#### EXERCISE DIRECTIONS:
All the data should be repeated exactly. Any image in it is left out.

#### GIVEN MATERIAL:
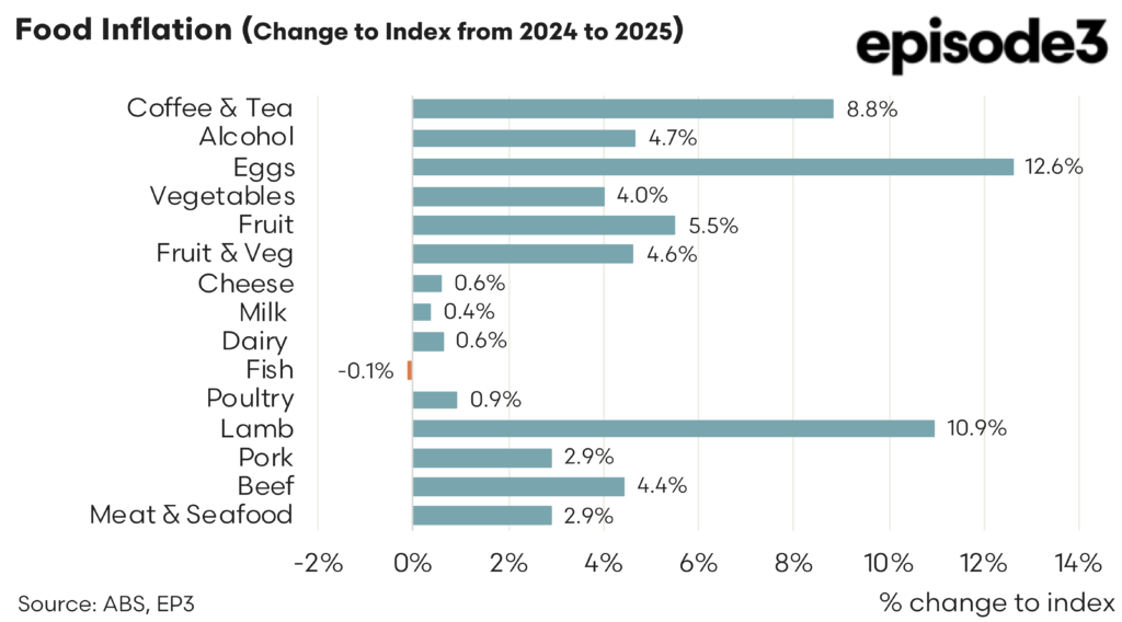 These figures paint a picture of divergence with consumers paying far more for eggs, lamb, and café-style items such as coffee and fruit, while staples like milk, cheese, and fish remain relatively steady.
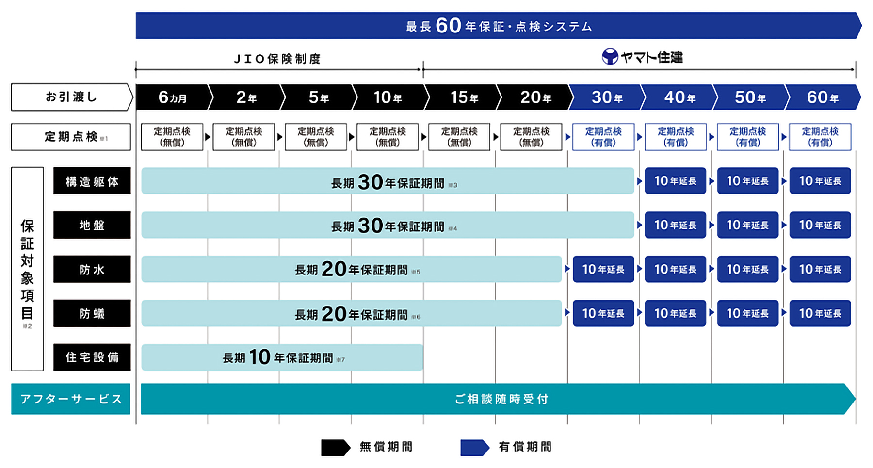 「ヤマト住建」では、引き渡し後も安心して暮らせるよう、6ヵ月目から20年目まで定期点検を実施。構造躯体は最長30年、防水は20年の長期保証に加え、10年ごとの有償メンテナンスで最長60年保証を実現しています。住宅設備も10年保証で自然故障に対応。さらに遠隔サポートツール「SynQ Remote」により、些細な相談も迅速に対応。長期にわたり快適な暮らしをサポートする充実の保証体制です。
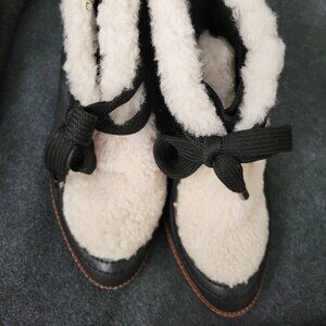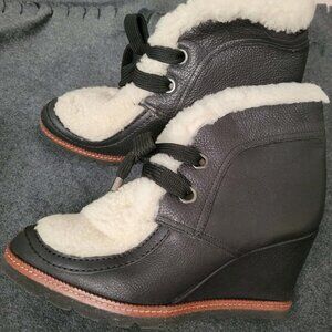 Fabianelli Made in Italy Size 40 Black Leather Lace Up Wedge Ankle Booties
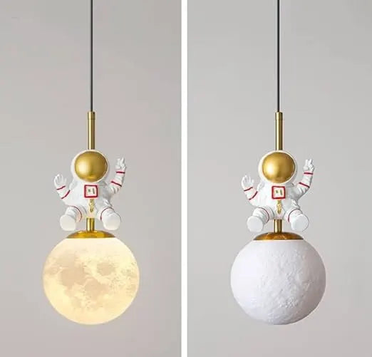 Inspire dreams of space and adventure with the B&B Cosmic Explorer Moon Lamp – a unique pendant light featuring a tiny astronaut cheerfully riding a glowing moon. This whimsical design is perfect for sparking curiosity and imagination, whether in a child's bedroom, playroom, or as a standout piece in space-themed decor.

#### RESPONSE TO THE TASK:
 These figures paint a picture of divergence with consumers paying far more for eggs, lamb, and café-style items such as coffee and fruit, while staples like milk, cheese, and fish remain relatively steady.
 「ヤマト住建」では、引き渡し後も安心して暮らせるよう、6ヵ月目から20年目まで定期点検を実施。構造躯体は最長30年、防水は20年の長期保証に加え、10年ごとの有償メンテナンスで最長60年保証を実現しています。住宅設備も10年保証で自然故障に対応。さらに遠隔サポートツール「SynQ Remote」により、些細な相談も迅速に対応。長期にわたり快適な暮らしをサポートする充実の保証体制です。
 Fabianelli Made in Italy Size 40 Black Leather Lace Up Wedge Ankle Booties
 Inspire dreams of space and adventure with the B&B Cosmic Explorer Moon Lamp – a unique pendant light featuring a tiny astronaut cheerfully riding a glowing moon. This whimsical design is perfect for sparking curiosity and imagination, whether in a child's bedroom, playroom, or as a standout piece in space-themed decor.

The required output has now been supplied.